44.妃という名の生贄
あれから、どれだけ経ったのだろう。
罰や拷問のような物も無く、ただ一人……外に看守が一人いるだけの静かな地下で、無限にも思える時を、過ごしている。
どれだけ考えてもわからない。
善意で座席を変わった事が、国王様の命に背いた事になってしまった……そしてアザミ様はわざと……。
「食事だ」
一日に三度、出されるパンとスープ。
でも手をつける気になどなれない。
私は、どう在るべきなのか──深い悩みの底をただ、彷徨っていた。
「ここで待て」
どれだけ経ったのか……人のいないはずの地下に、低い声が響いて規則正しい足音が、ゆっくりと近付いてくる。
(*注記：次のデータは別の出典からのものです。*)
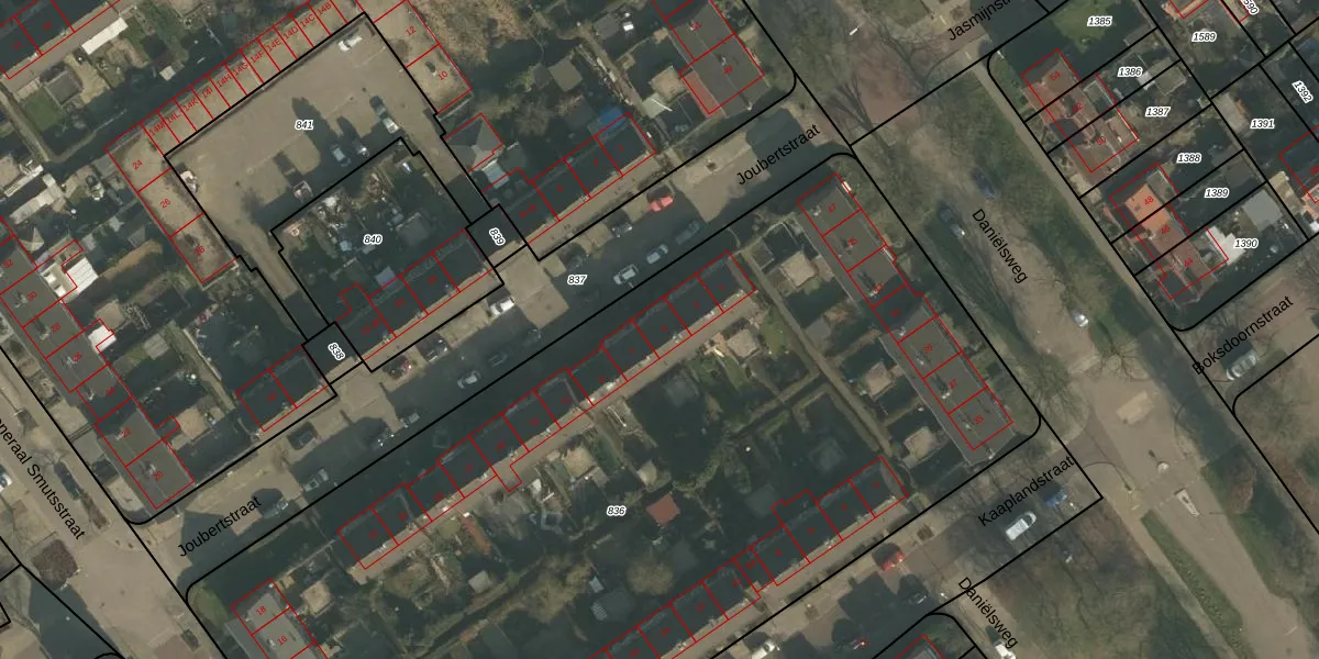 Het perceel waarop Joubertstraat 5 staat heeft een oppervlakte van 6490 m². Dit is een zeer groot perceel. De perceeloppervlakte wordt geregistreerd door het Kadaster. Gedetailleerde informatie over de maten van dit perceel kunt u vinden in het rapport Kadastrale kaart met maatvoering van Joubertstraat 5.
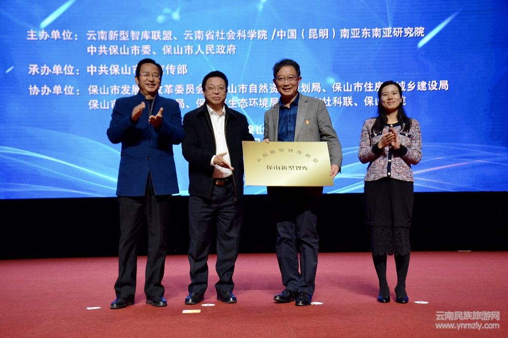 論壇現(xiàn)場,云南省新型智庫聯(lián)盟理事長、云南省社會科學(xué)院 中國(昆明)南亞東南亞研究院黨組書記、院長、研究員何祖坤同志為保山新型智庫授牌,中共保山市委宣傳部長李汶娟為授牌儀式作見證并主持下午的主題發(fā)言。
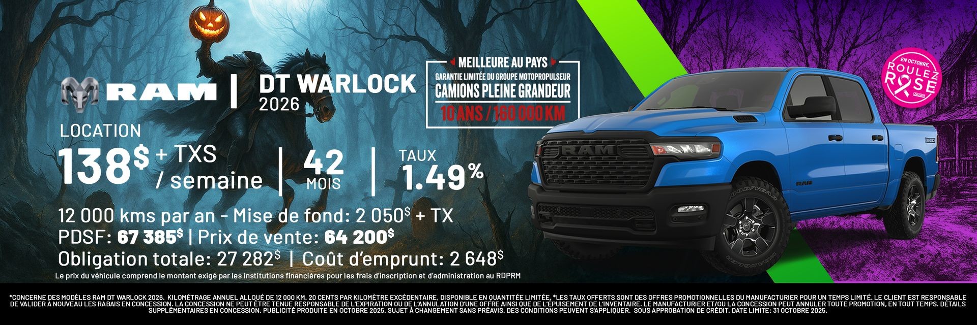 Enfin, votre concessionnaire à Mont-Joli dispose d’un choix impressionnant de camions Ram, neufs et usagés. Disponibles en une foule de configurations caisse-cabine et pouvant être personnalisés grâce à leurs nombreuses options de roues et de couleurs de carrosserie, les camions Ram se démarquent également par leur rapport qualité-prix avantageux de même que par leurs solides compétences en matière de remorquage et de capacités 4X4.
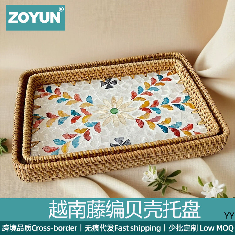 ベトナム籐シェルトレイホテルレストランライト高級カラーシェルティートレイB&Bお茶スナックドライフルーツトレイ収納バスケット

薄暗い空間に灯火が……そして、それは私の牢の前で止まった。
「国王様……」
裁きを受ける罪人のように、ひれ伏して頭を下げる。
「何も口にしないそうだな。パンとスープでは気に入らぬか」
「いえ……そのような気になれないのです。申し訳ございません」
「そうか……」
王は沈黙した。
右手で払う仕草をすると、看守と衛兵が出ていき、完全に国王と二人に。
「あのパンとスープは、私が国を継いだ頃よく口にしていたものだ……貧しく、滅びかけの国では明日のパンさえ手に入れるのは難しく、よくあれを食べながら奮起したものだ。必ず、強大な国にしてみせると」
私を投獄した王……でもその口調から、怒りは感じられない。
「バッカスを王にしなければならん、必ずだ」
「バッカス様を……王に……」
「あぁ、そうだ。この国は大きくなった。だが今は、あの頃以上に脆く……非常に危うい」
後継争いの事を言っているのだろう。
兄弟で争えば国は分断され、戦争となり多くの生命が失われる。
“もう誰も、亡くしたくない”
バッカス様の言葉が……胸に返ってくる。
「それで、人質を妃にされたのですね」
生贄……今やっとそう呼ばれた意味が腑に落ちた。
「やはり、想定以上に聡明なようだ。国の存続と幾千の民の生命の為……長幼之序に背いても、バッカスとその子孫に継がせねばならん。その為にバッカスを国内に留め、政治をさせ……数多の攻撃を受け止める存在が必要だ……例えその者が、過酷な道すがら生命を落としたとしても」
(この間のように……私が攻撃されていればバッカス様は無傷で済む……)
「幸い……注目はそなたに移っている。狙いはバッカスではなく妃に」
「それで、私を捕らえたのですね」
「あぁ……これで奴等の溜飲も少しは下がっただろう。この件はアザミの謝罪をもって終わり、大事には発展せぬはずだ」
「アザミ様が謝罪を……? 」
「あぁ、侍女がよくやる些細な嫌がらせ……挨拶代わりのつもりだろう」
「挨拶代わり……」
話はもう終わるのだろう。
衛兵を呼ばず、国王は自ら松明に手を伸ばす。
「……よくわかりました」
妃という座が飾りでない事はわかっていたつもりだけれど。
「国王様の御心に従います。ですが、犠牲になるつもりはありません」
私の宣言に国王は何も言わず、またゆっくりとした足取りで去っていった。
しばらくして──。
「皇太子妃様、お迎えに上がりました」
投獄されてから三日が経ったと、月華殿から迎えが来た。
「大変だったのですよ」
私がいない間の様子を、顔なじみの侍女が話してくれる。
「あら……」
侍女の視線の先、遠くに……懐かしい姿。
胸が高鳴り、優しい風が頬をそっとくすぐって気付く。
「バッカス様……」
彼を王に……その為には私が。
大股で近づいてくる、姿が徐々に鮮明になる。
恋しさと……愛おしさがこみ上げる。
(御守りしますわ……必ず)
覚悟は胸に秘め、心に向け呟く。
今までにない、力が湧くのを感じた。